Date: 2011-01-14 09:47 pm (UTC)
From: [identity profile] shunra.livejournal.com
"Astrology is something they can understand" - you give the masses too much credit.

Since astrology cannot be mistunderstood, what with having no validity whatsoever, its main advantage is that no one can understand it any better than anyone else.
It's a great leveler, like guns and death.

(And I don't care how geometry is taught as long as it's actually taught - axioms, theorems, proofs, logic.)

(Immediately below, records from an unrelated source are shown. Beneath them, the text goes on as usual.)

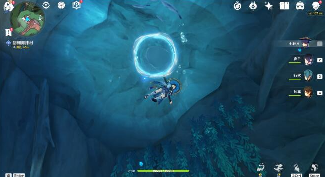 3、玩家继续跟着指引走穿过水漩涡,即可获得隐藏成就两万里格的漫游,借助这个水环可以快速到达目的地。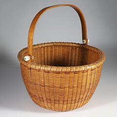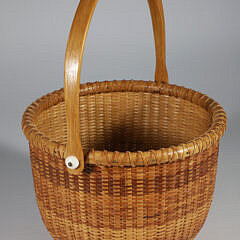 • Rare Captain Thomas James (1811-1885) Nantucket Round Swing Handle Basket, 2nd Half of the 19th Century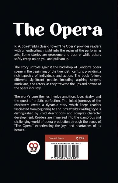 R. A. Streatfeild's classic novel "The Opera" provides readers with an enthralling insight into the realm of the performing arts. Some stories are gruesome and bizarre, while others softly creep up on you and pull you in. The story unfolds against the backdrop of London's opera scene in the beginning of the twentieth century, providing a rich tapestry of individuals and action. The book follows different significant people, including aspiring singers, musicians, and actors, as they traverse the ups and downs of the opera industry. The work's core themes involve ambition, love, rivalry, and the quest of artistic perfection. The linked journeys of the characters create a dynamic story which keeps readers fascinated from beginning to end. Streatfeild's writing style is distinguished by vivid descriptions and complex character development. Readers are immersed into the glamorous and challenging world of opera production through the pages of "The Opera," experiencing the joys and heartaches of its heroes.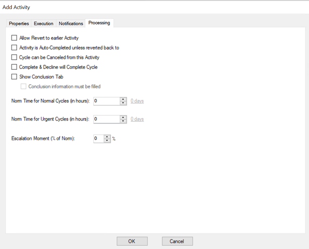 The Complete Action Button at the bottom of the dialog, has been split in to buttons, a Complete / Positive and Complete / Negative. The Labels shown in the Button can be configure per Process type in the Custom Labels section in the Environment Settings.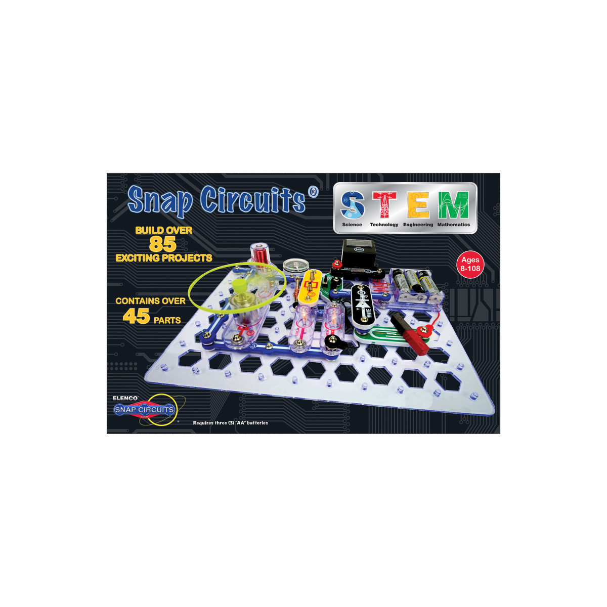 Snap Circuits® uses building pieces with snaps to assemble different electronic circuits on a simple "rows-and-columns" base grid that functions like the printed circuit board found in most electronic products. Each component is easily identifiable by a different color and functional purpose. Learn about electricity and magnetism, and how they relate to each other. Projects provide an understanding of magnetic fields, how the electricity in your home works, and how switches control the electricity to the lights in your home. Snap Circuits® STEM reinforces STEM concepts with fun and creative activities and contains an educational manual with a focus on STEM and getting kids excited as they learn.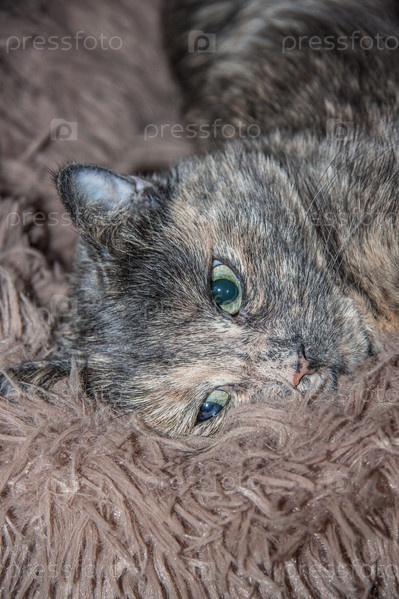Серый котенок крупным планом в лежанке меховой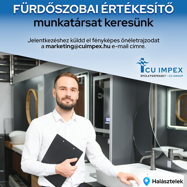 Ha érdekel a kereskedelem és szaniterek világa, illetve szívesen lennél egy lendületes, fejlődő csapat tagja, várjuk jelentkezésed!

Date: 2011-01-15 03:06 am (UTC)
From: [identity profile] srmalloy.livejournal.com
Don't forget the discovery that survivors of H1N1 influenza have developed a broad-spectrum immune response against all of the last decade's H1N1 strains, the 1918 pandemic influenza, and the H5N1 avian influenza -- a discovery which may make it possible to develop a universal influenza vaccine.

Date: 2011-01-16 04:17 am (UTC)
From: [identity profile] moiety-tx.livejournal.com
Nice! My sister managed to catch H1N1 while vacationing in China -- and be placed under isolation in a hospital room full of mosquitoes, and only one person who spoke English. She'll be happy to hear there was an upside.